Дома великого князя ожидало письмо из Ливадии. Папá сообщал, что имел серьезный разговор с великим князем Николаем Николаевичем. Последствием этого разговора было решение государя выслать вон из Петербурга любовницу дяди Низи балерину Числову, от которой тот имел четверых детей. Эта связь вызвала в Петербурге уже немало скандалов, расстроила денежные дела дяди и сильно повредила его репутации, его положению командующего войсками гвардии и Петербургского военного округа.
   – К сожалению, слишком поздно, – говорил Александр Александрович жене. – Впрочем, лучше поздно, чем никогда. Папá поступил решительно. Как дедушка!..
   Подробности стали известны позже. Император приказал шефу III отделения графу Шувалову отправиться на Английскую набережную, в дом, купленный любовнице великим князем, неподалеку от его дворца, арестовать Екатерину Гавриловну Числову и выслать ее вместе с матерью, в сопровождении жандарма, в город Венден Лифляндской губернии, около Риги, где отдать под гласный надзор полиции. Четверо малолетних детей от дяди Низи были поручены лейб-медику Обермиллеру, а хозяйство сдано на попечение камердинера Берхмана. На все это было израсходовано три тысячи рублей.
   – Целых три тысячи! Как папá швыряется деньгами! – неодобрительно качал головой рачительный цесаревич.
   Несколько дней высший свет жил сплетнями. В Аничков дворец их приносили Боби Шувалов, Воронцов-Дашков, камердинеры и лакеи. Наследник и Минни только ахали, слушая, что плели злые языки.

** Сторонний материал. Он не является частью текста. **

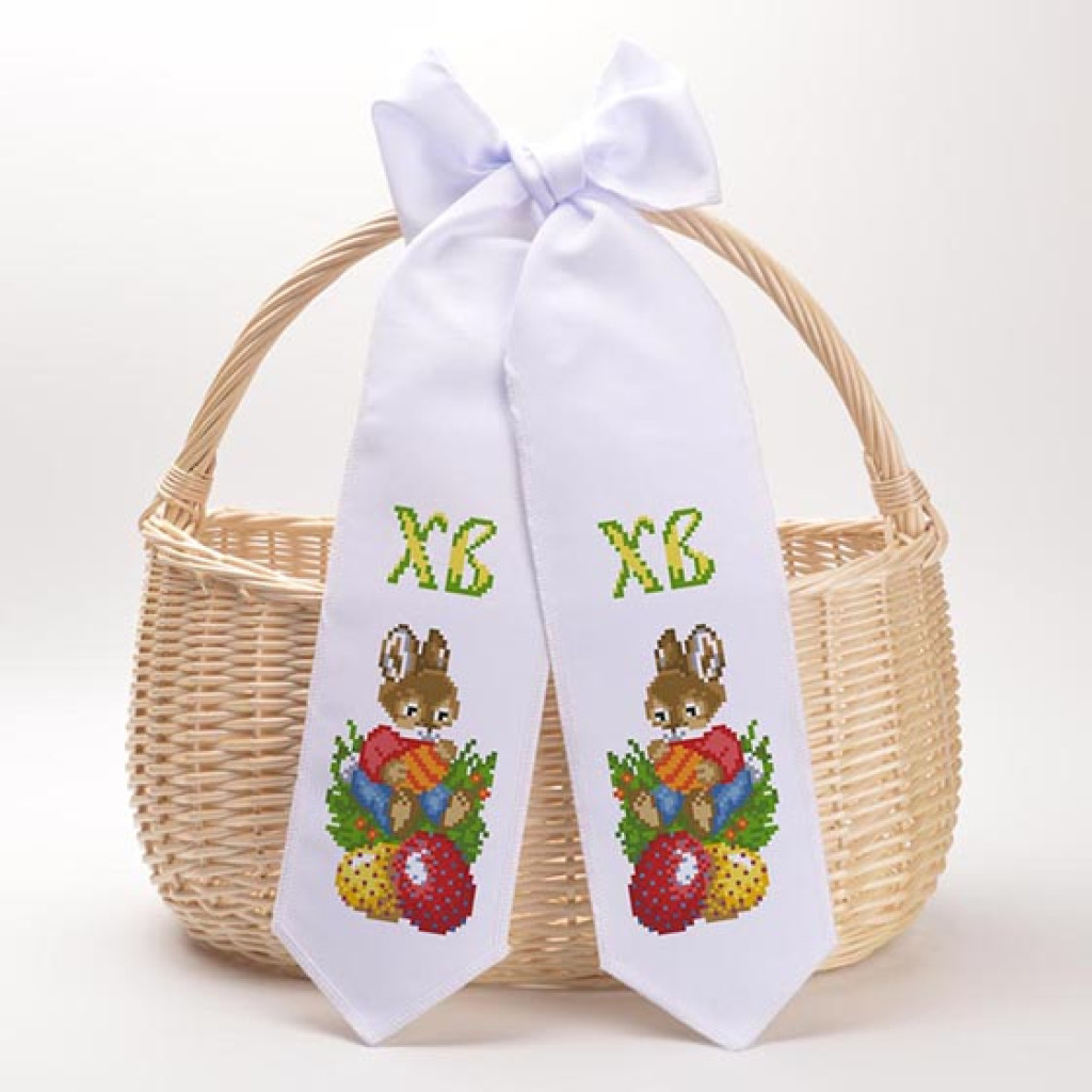 Набір для створення декоративного великоднього банта з нанесеним малюнком-схемою для вишивки бісером. Орнамент виконаний у святковому стилі та стане гарною прикрасою великоднього кошика.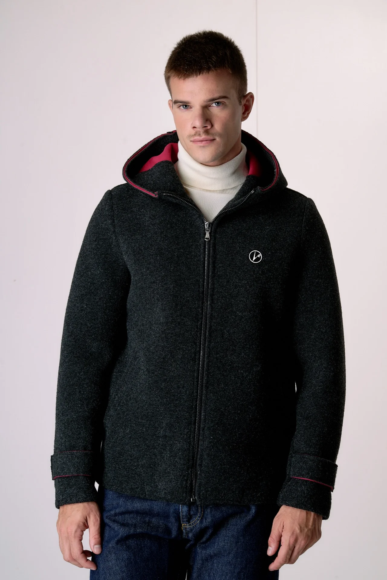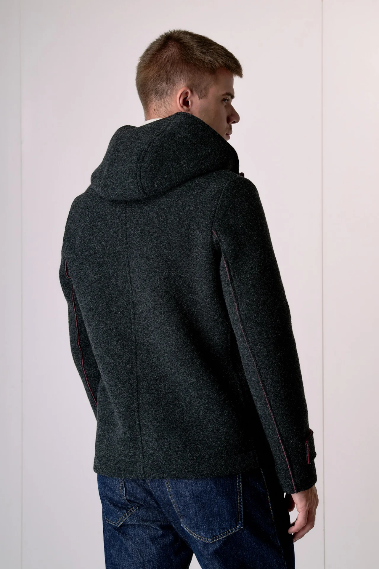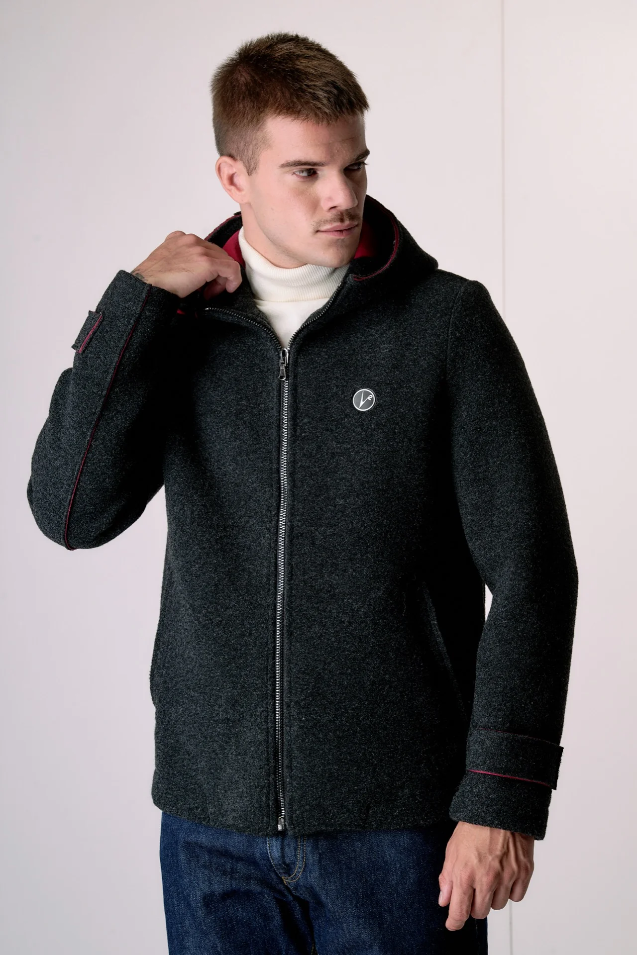 Bomber in lana cotta accoppiata Antracite con cappuccio

   Получалось, что причиной высылки балерины будто бы была жена Александра Александровича! Его Малюсенькая! Будто бы во время какого-то гулянья в Петергофе Числова позволила себе вместо приветствия цесаревны смерить ее глазами сверху донизу. Полная чепуха! Или того хлеще. В Зимнем шушукались, что Николай Николаевич Младший, сын дяди Низи, прознал о непочтительных отзывах «девицы Числовой» о его матери, великой княгине Александре Петровне, и якобы примчался в Петергоф, на дачу Числовой, жестоко поколотил ее и даже пытался зарубить. Другие сплетники передавали, будто Числова как-то пришла во дворец Николая Николаевича и в церкви встала на то место, где обыкновенно изволила стоять Александра Петровна. На замечание Николая Николаевича Младшего, что тут стоять не подобает, та якобы ответила: «Ты – мальчишка! Ничего не понимаешь!» И когда по окончании литургии Числова сходила с лестницы, великий князь будто бы догнал ее и нанес несколько ударов ниже спины ножнами сабли…
   – Сплетни будут пресечены, как только папа приедет из Ливадии, – рассуждал Александр Александрович, играя, по обыкновению, вечером с женой в шахматы. – Но что будет, когда вернется с Кавказа дядя Низи? Балканы уже тлеют. Впереди, не дай Бог, война. А его положение выше, чем министра Милютина. Сохранит ли папá свою решительность? Увидим…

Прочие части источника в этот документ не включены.